**BRIEF:**
Transcribe exactly the lines from the top of the records below through the line that holds "Amplifier Board 12V", both included, with no pictures.

[Start of section]

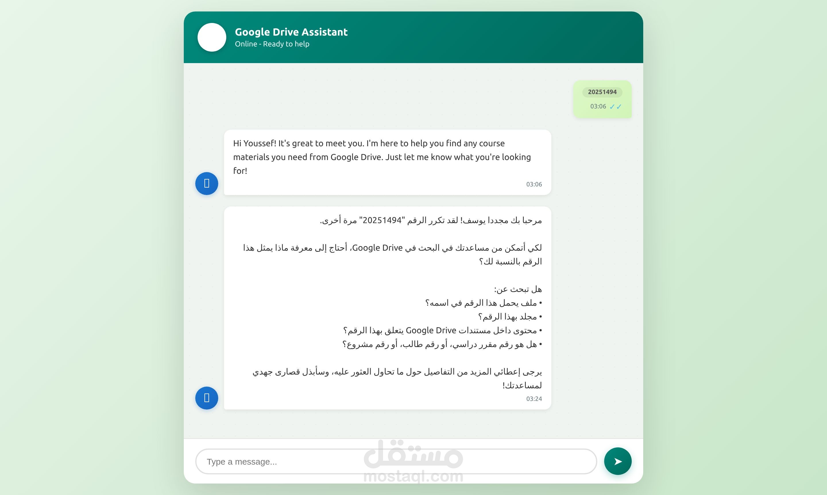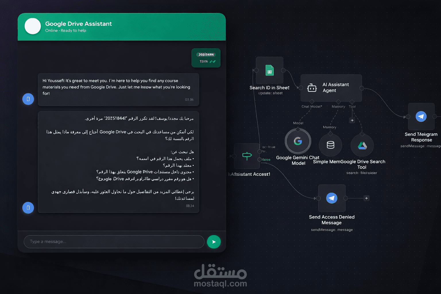مساعد ذكي (Gemini / OpenAI) يفهم نية العميل ويجيب بدقة.
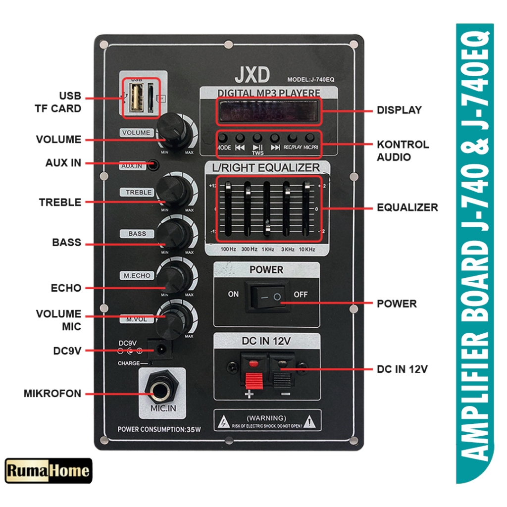 Amplifier Board 12V Bluetooth 5.0 Equalizer Power Support MP3 USB AV TF FM Remote Car Music BASS
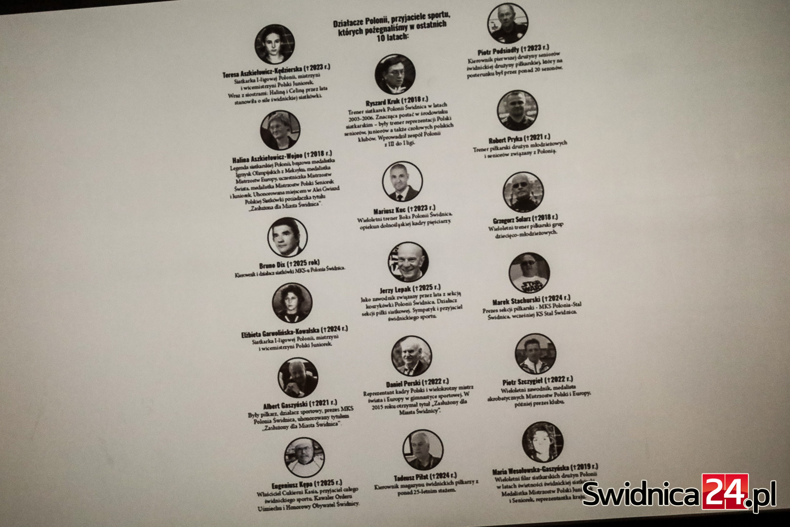 Podczas sobotniej gali w I Liceum Ogólnokształcącym w Świdnicy – organizatorzy i przedstawiciele czterech sekcji (piłka nożna, siatkówka, akrobatyka i boks) skupili się przede wszystkim na ostatnich 10 latach, które upłynęły od czasu ostatnich obchodów 70-lecia w 2015 roku. Gala stała się okazją do wręczenia wyróżnień i przekazania podziękowań dla zasłużonych zawodników, trenerów, partnerów klubu oraz działaczy. – To dzięki wam ten klub od 80 lat żyje, rozwija się i nieustannie walczy na boiskach, parkietach, matach i ringach. Cieszymy się dzisiejszym spotkaniem i celebrujemy razem to piękne, jubileuszowe święto – mówił Dariusz Stachurski, prezes piłkarskiej Polonii.
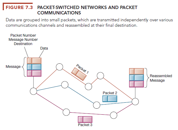 Packet switching is a method of slicing digital messages into parcels called packets, sending the packets along different communication paths as they become available, and then reassembling the packets once they arrive at their destinations (see Figure 7.3). Prior to the development of packet switching, computer networks used leased, dedicated telephone circuits to communicate with other computers in remote locations. In circuit-switched networks, such as the telephone system, a complete point-to-point circuit is assembled, and then communication can proceed. These dedicated circuit-switching techniques were expensive and wasted available communications capacity—the circuit was maintained regardless of whether any data were being sent.
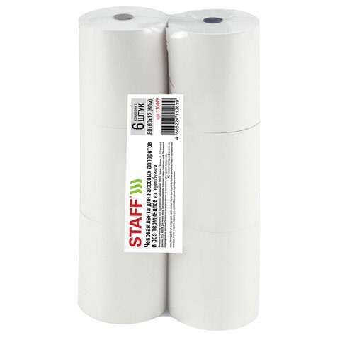 Чековая лента ТЕРМОБУМАГА 80 мм (диаметр 66-73 мм, длина 60 м, втулка 12 мм) КОМПЛЕКТ 6 шт., STAFF, 110449

[End of section]

**EXPECTED ANSWER:**
مساعد ذكي (Gemini / OpenAI) يفهم نية العميل ويجيب بدقة.
 Amplifier Board 12V Bluetooth 5.0 Equalizer Power Support MP3 USB AV TF FM Remote Car Music BASS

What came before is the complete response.